A extensão que cabe à Huíla é de aproximadamente 150 quilómetros. Além dos troços asfaltados, foram feitas estradas alternativas em terraplanagem, para facilitar a circulação rodoviária dos automobilistas, enquanto decorrem as obras de reabilitação da estrada e de algumas pontes.


Menos tempo


O automobilista Carlos Lourinho, que regularmente utiliza a estrada entre Lubango e Benguela, afirmou que, graças à melhoria da via, já consegue sair do Lubango às 8 horas e chegar a Benguela ao meio-dia, com uma velocidade moderada.

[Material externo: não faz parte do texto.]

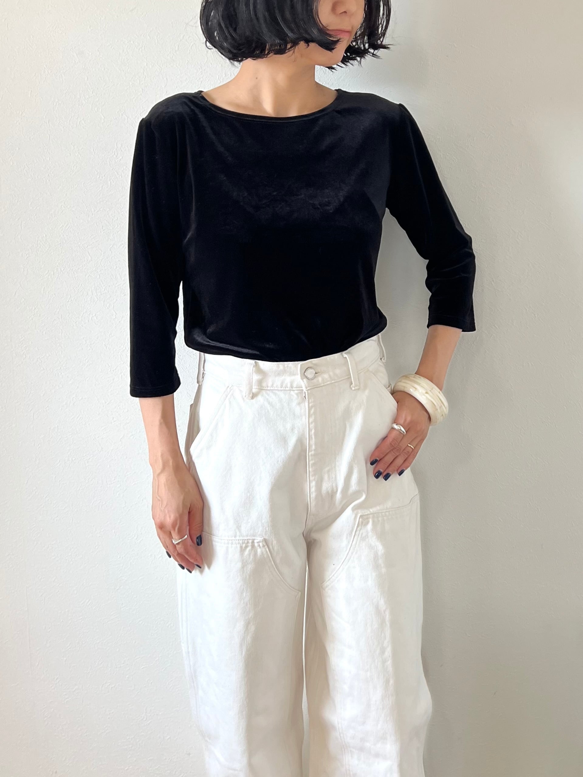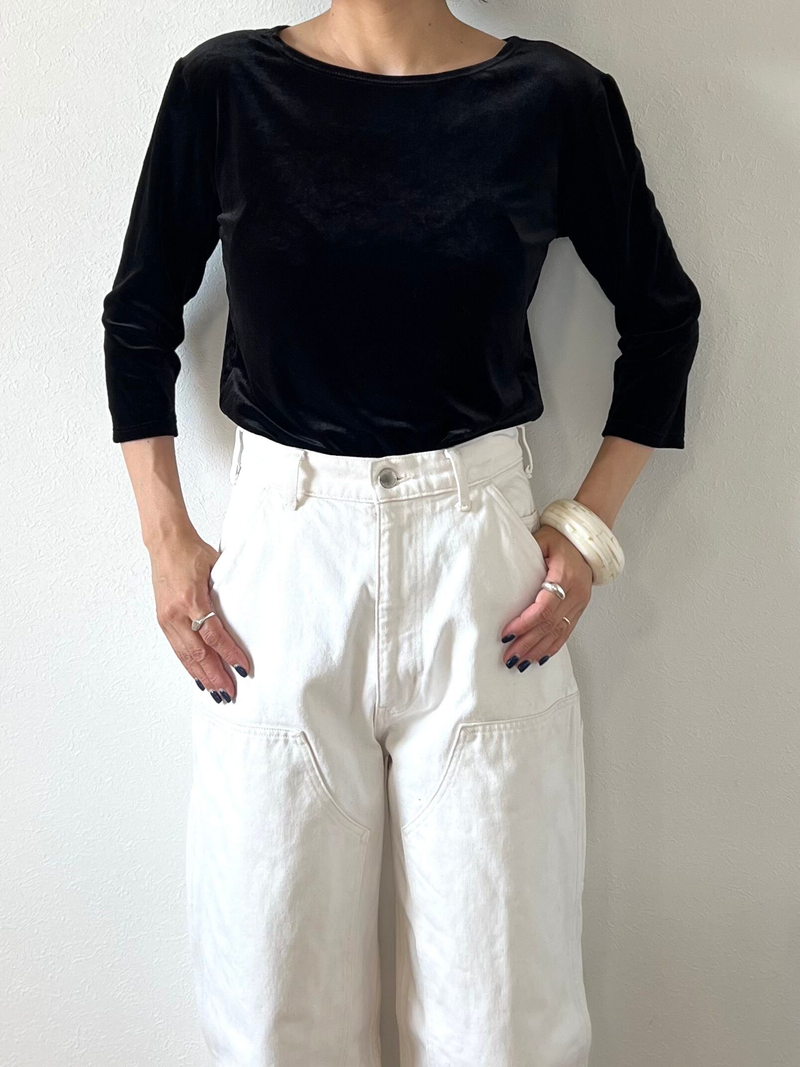 鎖骨のラインが綺麗な伸縮性のあるベロアトップス。
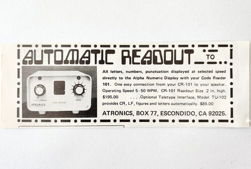 Primary image for 1975 Atronics Automatic Readout Code Reader Advertisement Electronics C82QST

Carlos Lourinho explicou que há dias em que consegue fazer uma ida e volta sem qualquer problema, uma vez que a maior parte da estrada está boa, com excepção de alguns troços em reabilitação e pequenos buracos existentes.
O motorista de uma empresa privada de transportes público, que opera nesta via, João Samuel, diz que consegue fazer cinco horas de viagem, com uma marcha não superior a 80 quilómetros por hora.